The tests are, essentially, to find via accelerometer and gyroscope if the tail wagging tends toward the left or the right. The corresponding app creates an "emotional diary" based on the highs and lows, and whether the tail wags indicated stressful situations or happy, excited ones. It doesn't currently monitor any biometric information like heartbeat.

"We want you to look at several days or weeks of data before making any drastic decisions. A dog can have a bad day, but that doesn't mean the dog walker is all bad," Karp says. "However, if that data consistently tells you that your pup doesn't like an experience, then you should definitely find an experience that they do like."

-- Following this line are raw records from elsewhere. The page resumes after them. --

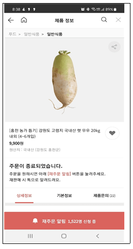 강원도와 카카오메이커스는 강원도 고랭지 무 소비확대를 위해 10. 15일부터 시작한 ‘강원 청정 고랭지 무’ 판매 행사를 10. 17일에 조기 마감했다.
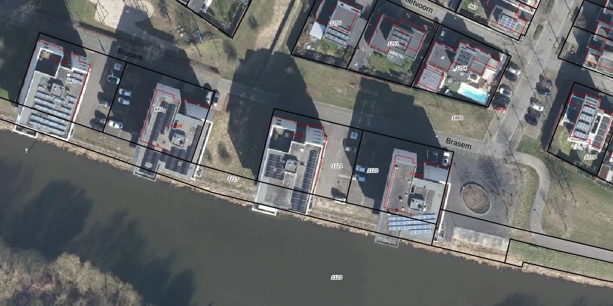 Het perceel waarop Brasem 190 staat heeft een oppervlakte van 727 m². Dit is een groot perceel. De perceeloppervlakte wordt geregistreerd door het Kadaster. Gedetailleerde informatie over de maten van dit perceel kunt u vinden in het rapport Kadastrale kaart met maatvoering van Brasem 190.
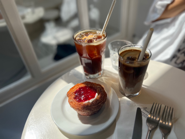 저는 딸기&우유버터 런던번과 아이스 아메리카노를 주문했어요. 딸기의 상큼함과 크림의 부드러움이 입 안에서 사르르 녹고, 진한 아메리카노가 단맛을 딱 잡아주는 조합. 커피 한 모금, 디저트 한 입이면 하루의 피로가 말끔히 씻기는 느낌이랄까요?
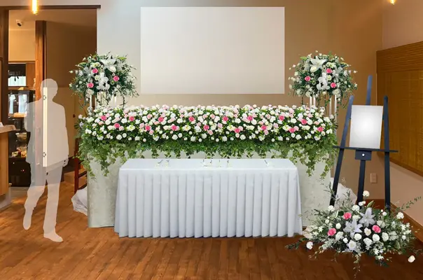 594,000円〜知人 友人を招き皆で送り出す最適なプランです。祭壇も数種類からお選びいただけます。色合いの変更も可能です。

So far, the device has been tested internally, which Karp says has been going "very well." But with the crowdfunding IndieGoGo campaign launching today, it's now up to the public to decide. Indeed, it's a very strange proposition: monitoring animal behavior for creatures who don't speak for themselves. (Or at least use their words instead of just barking.)

The device itself will cost $99 to IndieGoGo investors, with the money going toward scaling up production. The retail price will eventually be between $129 and $139, which means a lot of "taking the producer's word on it" going in, one of the common crowdfunding shortfalls.

However, this device seems to have institutional backing from an Ivy League university, giving it a little more credibility than some crowdfunding vaporware. At the time of writing, more than $21,600 has been pledged out of a goal of $100,000. If the project reaches that goal, it may end up the new must-have stocking stuffer for people who call their dogs "fur babies."